The trial met its main goal: to show that the next-generation ERT was at least not inferior to, or worked as well as, the standard treatment.
A total of 95 participants completed the one-year treatment period and entered the study’s open-label extension phase, where all will receive Nexviazyme for more than 4.5 years.
The newly presented COMET data involved the 86 patients (91%) who remained on the therapy up to the most recent follow-up at nearly two years.
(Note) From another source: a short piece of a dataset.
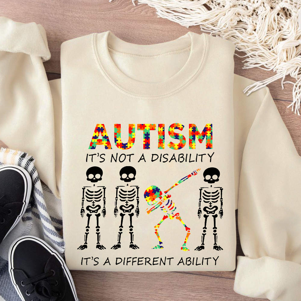 Skeleton Autism It's Not A Disability It's A Different Ability Cotton Pullover Sweatshirt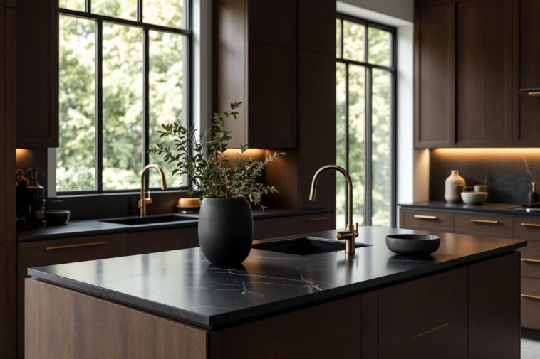 Fini les cuisines blanches : textures et nuances foncées redéfinissent le luxe en cuisine

Among them were patients always on Nexviazyme and those who switched from Lumizyme.
Results showed that long-term treatment with Nexviazyme was associated with sustained lung function and mobility improvements, which were greater than those observed in patients who began the next-generation therapy a year later.
Specifically, forced vital capacity, a standard measure of lung function, improved by 2.65 points among those always on Nexviazym relative to the start of the study, and by 0.36 points in those initially on standard ERT.
Patients always on Nexviazyme also were able to walk an average of 18.6 more meters in six minutes after nearly two years, while those switching ERTs walked 4.56 more meters.
These findings highlight a “sustained treatment effect with Nexviazyme along with stabilization of treatment effect in patients switching from [Lumizyme] in respiratory function … and walking distance,” Sanofi stated in the release.
Nexviazyme’s safety profile was comparable between groups, and no new safety concerns were identified among patients who switched to the next-generation therapy in the extension phase. During the extension period, five participants across both groups discontinued treatment because of side effects, and six had serious side effects deemed likely related to the therapy.
At the symposium, Sanofi also presented new data from the ongoing, international Phase 2 Mini-COMET trial (NCT03019406), which is evaluating Nexviazyme’s seven-year safety and preliminary effectiveness against Lumizyme in 22 children and adolescents with IOPD. All had previously failed to respond adequately to the standard ERT.
Participants were given either one of two doses of Nexviazyme (20 or 40 mg/kg) or Lumizyme every two weeks for six months, after which all will receive up to 40 mg/kg of Nexviazyme for up to 6.5 years.
Previous six-month data showed that both Nexviazyme doses were well-tolerated, with no reports of severe side effects. Also, the higher dose was superior to standard ERT at lowering disease-associated biomarkers.
Mini-COMET’s new data, which corresponds to nearly two years of treatment, showed that Nexviazyme was generally well-tolerated, with most side effects being only mildly to moderately severe. There were no serious or severe treatment-related side effects or deaths.
The most commonly reported side effects included rashes (36.4%), falls, pneumonia, and fever (31.8% each), headache (27.3%), upper respiratory tract infections (27.3%), and vomiting (22.7%).
Notably, participants initially assigned to Lumizyme and who switched to Nexviazyme’s high dose after six months showed no increased risk of safety concerns or side effects.
In addition, participants treated with Nexviazyme for two years showed stable or improved motor function, as assessed by several validated measures, and none showed signs of heart damage, a common complication of IOPD.
The trial design for the open-label, international Phase 3 Baby-COMET trial (NCT04910776) — which will assess the proportion of patients who are alive and free of invasive ventilation after one year of Nexviazyme treatment — also was shared at the symposium.
The study, currently enrolling in Europe and Taiwan, is evaluating Nexviazyme’s four-year safety and effectiveness in up to 16 previously untreated infants up to 6 months old with IOPD. The therapy’s pharmacokinetics, or its movement into, through, and out of the body, also will be assessed, along with its pharmacodynamics, or its effects on the body.
Data on the need for invasive ventilation from Baby-COMET will be compared with the results of an external group of Lumizyme-treated patients. Top-line data are expected in May 2024.